Hi all!
I’m trying to use a Gaussian Process as the input for the covariance matrix of an MvNormal likelihood:
with pm.Model() as m:
etasq = 1. + pm.HalfNormal('etasq', 0.25)
rhosq = 3. + pm.HalfNormal('rhosq', 0.25)
cov = etasq * pm.gp.cov.ExpQuad(input_dim=1, ls=rhosq)
gp = pm.gp.Latent(cov_func=cov)
SIGMA = gp.prior('SIGMA', X=Dist_mat ** 2)
a = pm.Normal("a", 0., 1.)
b = pm.Normal("b", 0., 0.5, shape=2)
mu = a + b[0] * M + b[1] * G
B = pm.MvNormal("B", mu, cov=SIGMA, observed=B_)
trace = pm.sample()
But running this prints a ValueError: cov must be two dimensional
, because, indeed, SIGMA.tag.test_value.shape
returns (151,)
.
I’m not very familiar yet with the GP module, so I’m not sure what to make of this Does anyone see a way forward?
Thansk a lot in advance
PS: I wanted to make the post as short as possible, but I can share the data if needed
I think it is working as expected. Here’s an explanation.
-
gp.prior
is putting a N
-dimensional re-parameterized multivariate normal prior where N
are number of samples (not features) in your Dist_mat
array. This means SIGMA
in your model is going to be N
dimensional sample from a multivariate normal. Here, N
is 151
.
I think you want to fit a model on Dist_mat
to get a distribution over B_
observed values. You can do that in the following way.
class MyMean(pm.gp.Mean):
def __init__(self, a, b):
self.a = a
self.b = b
def __call__(self, X):
return self.a + self.b[0]*M + self.b[1]*G
with pm.Model() as m:
etasq = 1. + pm.HalfNormal('etasq', 0.25)

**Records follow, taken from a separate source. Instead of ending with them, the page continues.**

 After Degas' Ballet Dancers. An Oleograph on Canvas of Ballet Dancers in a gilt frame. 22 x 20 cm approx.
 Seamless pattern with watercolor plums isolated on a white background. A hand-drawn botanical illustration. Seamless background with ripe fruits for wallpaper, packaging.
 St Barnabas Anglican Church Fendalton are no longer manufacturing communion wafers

rhosq = 3. + pm.HalfNormal('rhosq', 0.25)
a = pm.Normal("a", 0., 1.)
b = pm.Normal("b", 0., 0.5, shape=2)
cov = etasq * pm.gp.cov.ExpQuad(input_dim=1, ls=rhosq)
mu = MyMean(a, b)
gp = pm.gp.Marginal(mean_func=mu, cov_func=cov)

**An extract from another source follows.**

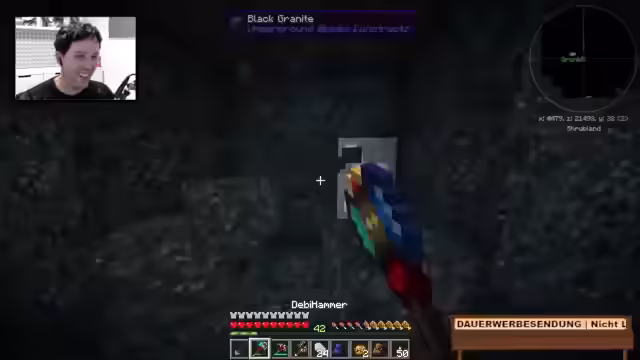 04:27:20Es wird die Ladestation gesucht. Der Streamer hat einen Schatz gefunden, nämlich Tobias. Es wird sich über die Schneise in der Welt lustig gemacht, die der Streamer gebuddelt hat. Es wird ein Lehrgang für Hammerbauen vorgeschlagen. Es wird festgestellt, dass die Erde sich schon mal richtig gelohnt hat. Es wird Quarz gefunden. Es wird Erde für den Steinbruch benötigt. Es wird ein Lavafluss mit Holz verstopft. Es wird sich gefragt, wo Tobi ist. Ein Skelett rennt in die Lava. Es wird ein neues Gebiet gesucht. Der Streamer nimmt nur Erde und Büsche mit. Der Streamer sprengt die Höhle. Es werden Diamanten gesucht. Der Hacker ist schnell. Es wird festgestellt, dass das Goldschwert weg ist. Es wird sich gefragt, ob das Schwert aufgeladen werden muss. Eine Hexe wird gefunden. Es wird ein Loch bis nach Pakistan gegraben, aber es kommt nichts. Es wird ein fettes Wasserloch gefunden. Es wird sich gefragt, ob man da rausschwimmen kann. Es wird festgestellt, dass hier schon jemand war. Es ist wenig an Diamanten und anderen Rohstoffen vorhanden. Es wird Zertus Quartz gefunden. Es wird sich gefragt, was am wichtigsten für das ME-System ist. Es wird festgestellt, dass es nur Quarz und Zertus Quartz ist. Es wird sich festgestellt, dass Diamanten bisher nur einen Vorkommen gefunden haben. Es wird gesagt, dass es in dem Biom einfach nichts gibt. Es wird sich über die Rohstoffe geleckt. Es wird sich gefragt, warum die Gänge so gerade sind. Es wird vermutet, dass hier mal jemand durchgewalzt ist. Es wird ein Gang von den alten Menschen gefunden. Der Streamer muss seine Taschen leer machen.

B = gp.prior('B', X=Dist_mat**2, y=B_)
trace = pm.sample(1000)
I don’t know what M
and G
are in your model but probably you want to make the mean function a function of your inputs X
which is Dist_mat
in your model.
1 Like
Ooh thanks a lot! I forgot the realization of a GP is an MvNormal
I’m gonna try that and keep you posted
Do you know if there is a way to specify the mean function without the custom class though, as I did for the cov func? This is for the port of chapter 14 of Rethinking 2, so I’d like the code to be as simple as possible.
M
, G
and B
are respectively body mass, group size and brain size, and in the book only the covariance function is a function of the phylogenetic distance (Dist_mat
) between species
You can just make a lambda function to represent your mean in a compact way.
lambda X: a + b[0]*M + b[1]*G
The only downside is that you would lose the semantics to combine mean functions to form a new one. As that is not your concern for now, I think a lambda function should work just fine.
1 Like
Actually I went ahead with the custom class: that’s more scalable, shows an example of defining custom mean functions for GPs and is quite classy (see what I did there? )
As this is an MvNormal likelihood, I could use pm.gp.Marginal
, which goes with gp.marginal_likelihood
, not with gp.prior
, IIUC. The full model is now:
class LinearMean(pm.gp.mean.Mean):
def __init__(self, intercept, slopes):
self.intercept = intercept
self.slopes = slopes
def __call__(self, X):
return self.intercept + self.slopes[0] * M + self.slopes[1] * G
with pm.Model() as m14_11:
a = pm.Normal("a", 0., 1.)
b = pm.Normal("b", 0., 0.5, shape=2)
mu = LinearMean(intercept=a, slopes=b)
eta_raw = pm.Normal('eta_raw', 1., 0.25)
rho_raw = pm.Normal('rho_raw', 3., 0.25)
etasq = tt.abs_(eta_raw)
rhosq = tt.abs_(rho_raw)
SIGMA = etasq * pm.gp.cov.ExpQuad(input_dim=1, ls=rhosq)
gp = pm.gp.Marginal(mean_func=mu, cov_func=SIGMA)
sigma = pm.Exponential("sigma", 1.)
B = gp.marginal_likelihood("B", X=Dist_mat ** 2, y=B_, noise=sigma)
trace_14_11 = pm.sample(2000, tune=2000, target_accept=0.9)
If I wanted to make the mean function a function of Dist_mat
, as SIGMA is, I think I could directly use pm.gp.mean.Linear
.
Thanks again for your precious help @tirthasheshpatel!
1 Like